Excerpts from a dataset

※ ※ ※

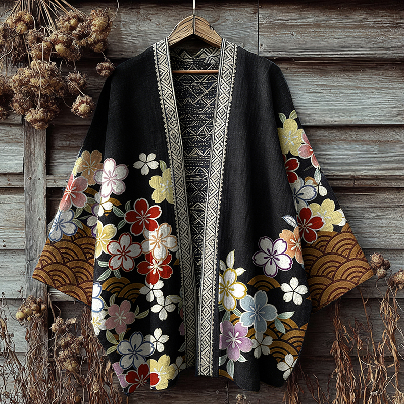 Retro Japanese Floral Art Print Cotton And Linen Blend Kimono Cardigan
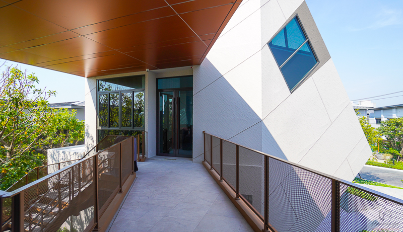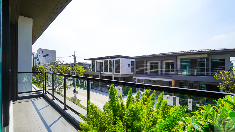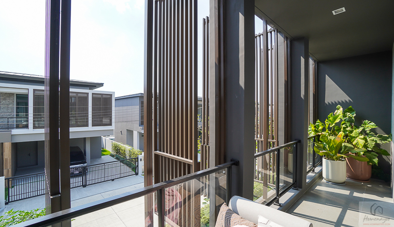 ระเบียงจะได้พื้นที่ขนาดใหญ่เป็นแนวยาว สามารถวางชุดโต๊ะนั่งเล่นและกระถางต้นไม้ตกแต่งได้ ราวกันตกเป็นกระจกพร้อมระแนงบังสายตา
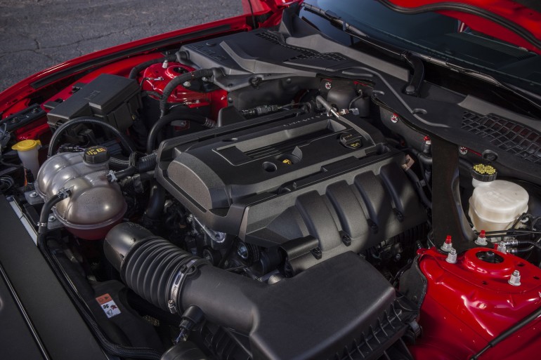 E il V8 5.0? Al cuor non si comanda: il sound meriterebbe il disco di platino, la percorrenza media di 7,4 km/l i sali per riprendersi dopo ogni sosta al distributore… Sebbene non reattivo ai bassi, anzi bassissimi regimi, quanto l’unità d’analogo frazionamento appannaggio di Chevrolet Camaro – ad onor del vero forte di una cubatura monstre di 6,2 litri –, dispensa coppia con la generosità di Robin Hood e consente, complice il launch control di serie, di scattare da 0 a 100 km/h in 4,8 secondi. Un tempo in grado di annichilire, almeno sulla carta, la citata Camaro, accreditata di un passaggio da 0 a 100 km/h in 5,2 secondi a causa principalmente del peso nettamente superiore (1.769 kg anziché 1.645).
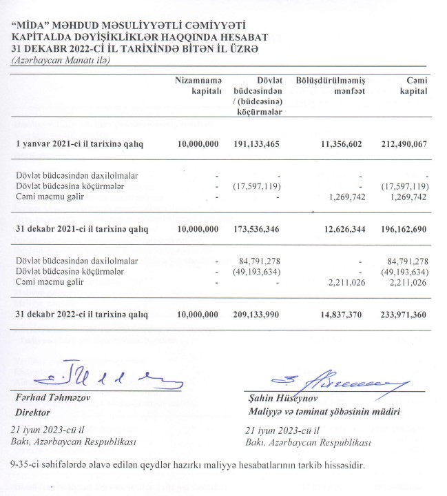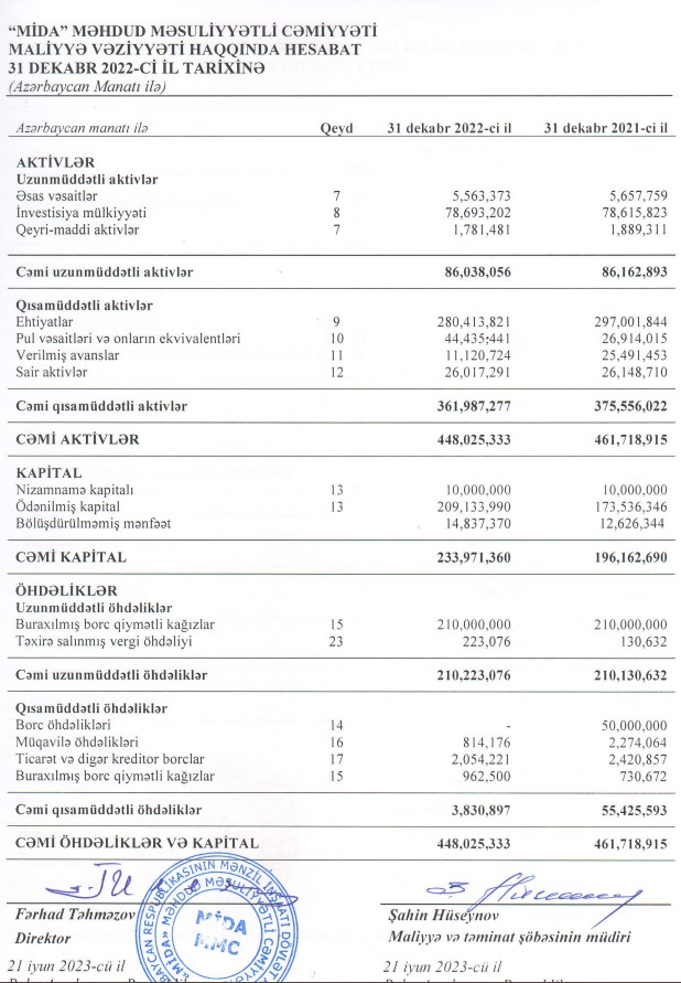 31 dekabr 2022-ci il tarixində "MİDA" MMC 448 milyon 25 min manat cəmi aktivlərə malik olub. Şirkət 2021-ci ilin sonunda 461 milyon 719 min manat cəmi aktivlərə malik idi.
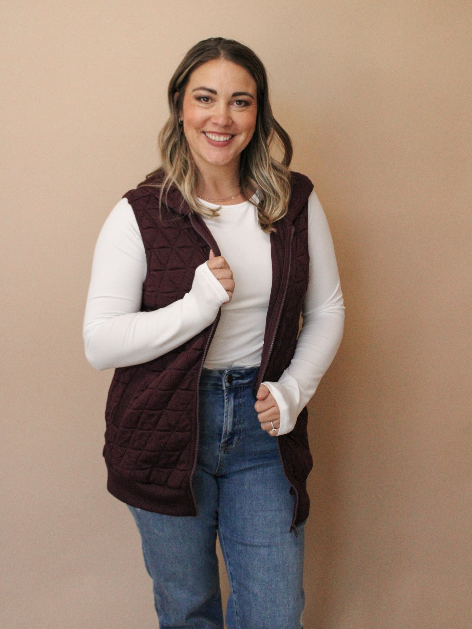 Layer up with the REAGHAN Quilted Zip-Up Vest and stay cozy in style! This playful piece features a quilted knit construction that's perfect for chilly days, complete with a convenient kangaroo pocket to keep your hands warm or essentials close. The attached hood adds an extra touch of comfort and coverage, making it your go-to for effortless, casual vibes. Whether you're running errands or hanging with friends, this vest brings both warmth and personality to any outfit.
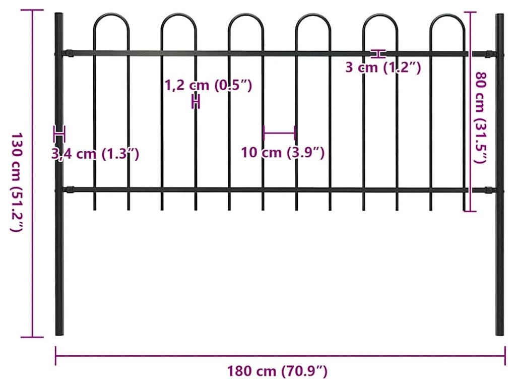 Zahradní plot s obloukem nahoře ocelový 181 x 80 cm [144929]
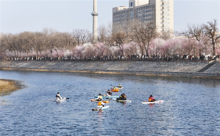 昨日,津城晴空万里,红桥区桃花堤运河桃花节迎来了一大波打卡人,前来踏青的人摩肩接踵,赏春日河畔最美景致。人们纷纷扛来皮划艇泛舟河上,在此也提醒各位“弄潮儿”,做好防护,注意安全! 记者 胡凌云 摄
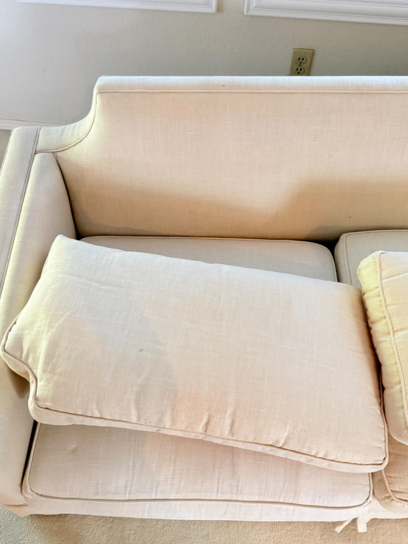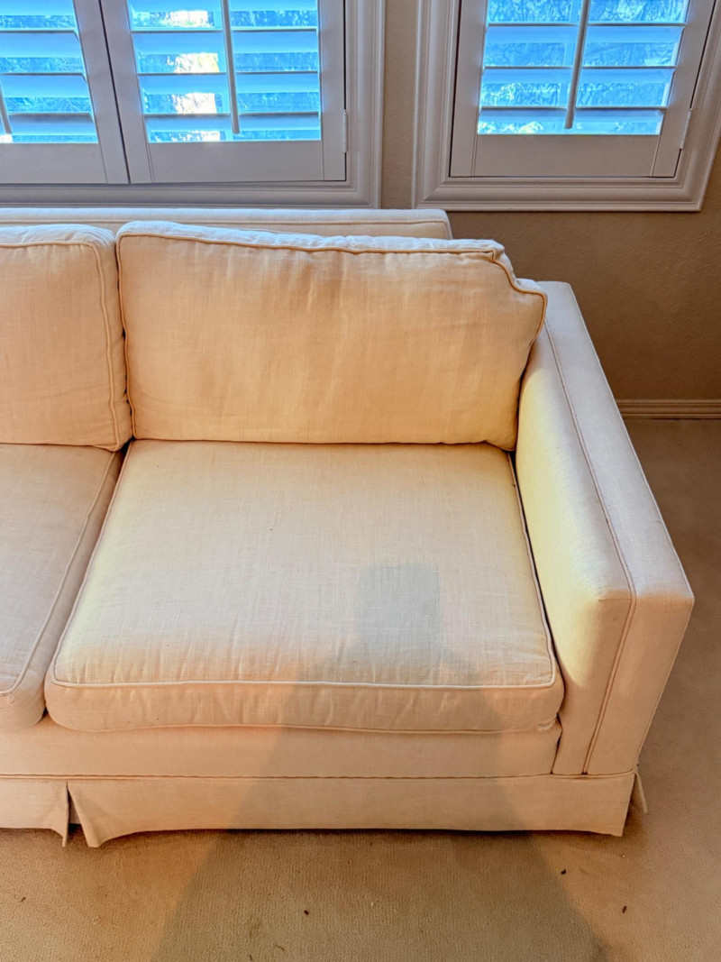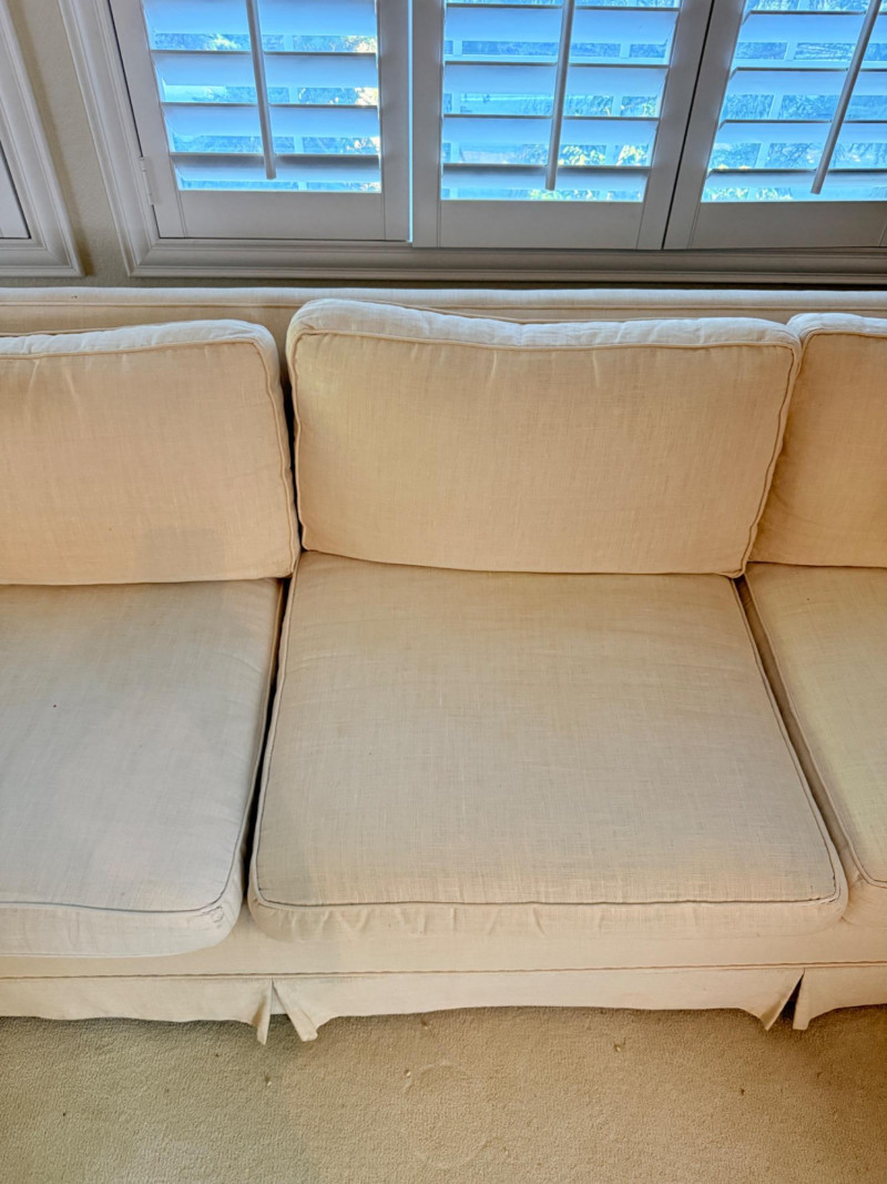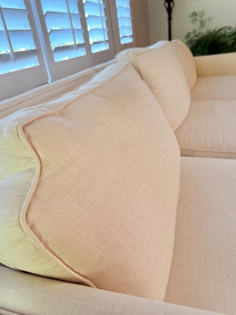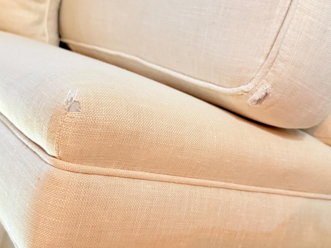 Traditional English-Arm Wooden Frame Sofa Bidding on this lot is an agreement that: (1) You will have 2 capable, able bodied persons to lift and load at a minimum. (2) You will bring a hand truck and/or any other tools needed to remove this item. If these steps are not followed your next item will be forfeit and no refund given.

※ ※ ※

EXERCISE DETAILS: Once the pictures are set aside, repeat the data above exactly.

RESPONSE:
 Retro Japanese Floral Art Print Cotton And Linen Blend Kimono Cardigan
 ระเบียงจะได้พื้นที่ขนาดใหญ่เป็นแนวยาว สามารถวางชุดโต๊ะนั่งเล่นและกระถางต้นไม้ตกแต่งได้ ราวกันตกเป็นกระจกพร้อมระแนงบังสายตา
 E il V8 5.0? Al cuor non si comanda: il sound meriterebbe il disco di platino, la percorrenza media di 7,4 km/l i sali per riprendersi dopo ogni sosta al distributore… Sebbene non reattivo ai bassi, anzi bassissimi regimi, quanto l’unità d’analogo frazionamento appannaggio di Chevrolet Camaro – ad onor del vero forte di una cubatura monstre di 6,2 litri –, dispensa coppia con la generosità di Robin Hood e consente, complice il launch control di serie, di scattare da 0 a 100 km/h in 4,8 secondi. Un tempo in grado di annichilire, almeno sulla carta, la citata Camaro, accreditata di un passaggio da 0 a 100 km/h in 5,2 secondi a causa principalmente del peso nettamente superiore (1.769 kg anziché 1.645).
 31 dekabr 2022-ci il tarixində "MİDA" MMC 448 milyon 25 min manat cəmi aktivlərə malik olub. Şirkət 2021-ci ilin sonunda 461 milyon 719 min manat cəmi aktivlərə malik idi.
 Layer up with the REAGHAN Quilted Zip-Up Vest and stay cozy in style! This playful piece features a quilted knit construction that's perfect for chilly days, complete with a convenient kangaroo pocket to keep your hands warm or essentials close. The attached hood adds an extra touch of comfort and coverage, making it your go-to for effortless, casual vibes. Whether you're running errands or hanging with friends, this vest brings both warmth and personality to any outfit.
 Zahradní plot s obloukem nahoře ocelový 181 x 80 cm [144929]
 昨日,津城晴空万里,红桥区桃花堤运河桃花节迎来了一大波打卡人,前来踏青的人摩肩接踵,赏春日河畔最美景致。人们纷纷扛来皮划艇泛舟河上,在此也提醒各位“弄潮儿”,做好防护,注意安全! 记者 胡凌云 摄
 Traditional English-Arm Wooden Frame Sofa Bidding on this lot is an agreement that: (1) You will have 2 capable, able bodied persons to lift and load at a minimum. (2) You will bring a hand truck and/or any other tools needed to remove this item. If these steps are not followed your next item will be forfeit and no refund given.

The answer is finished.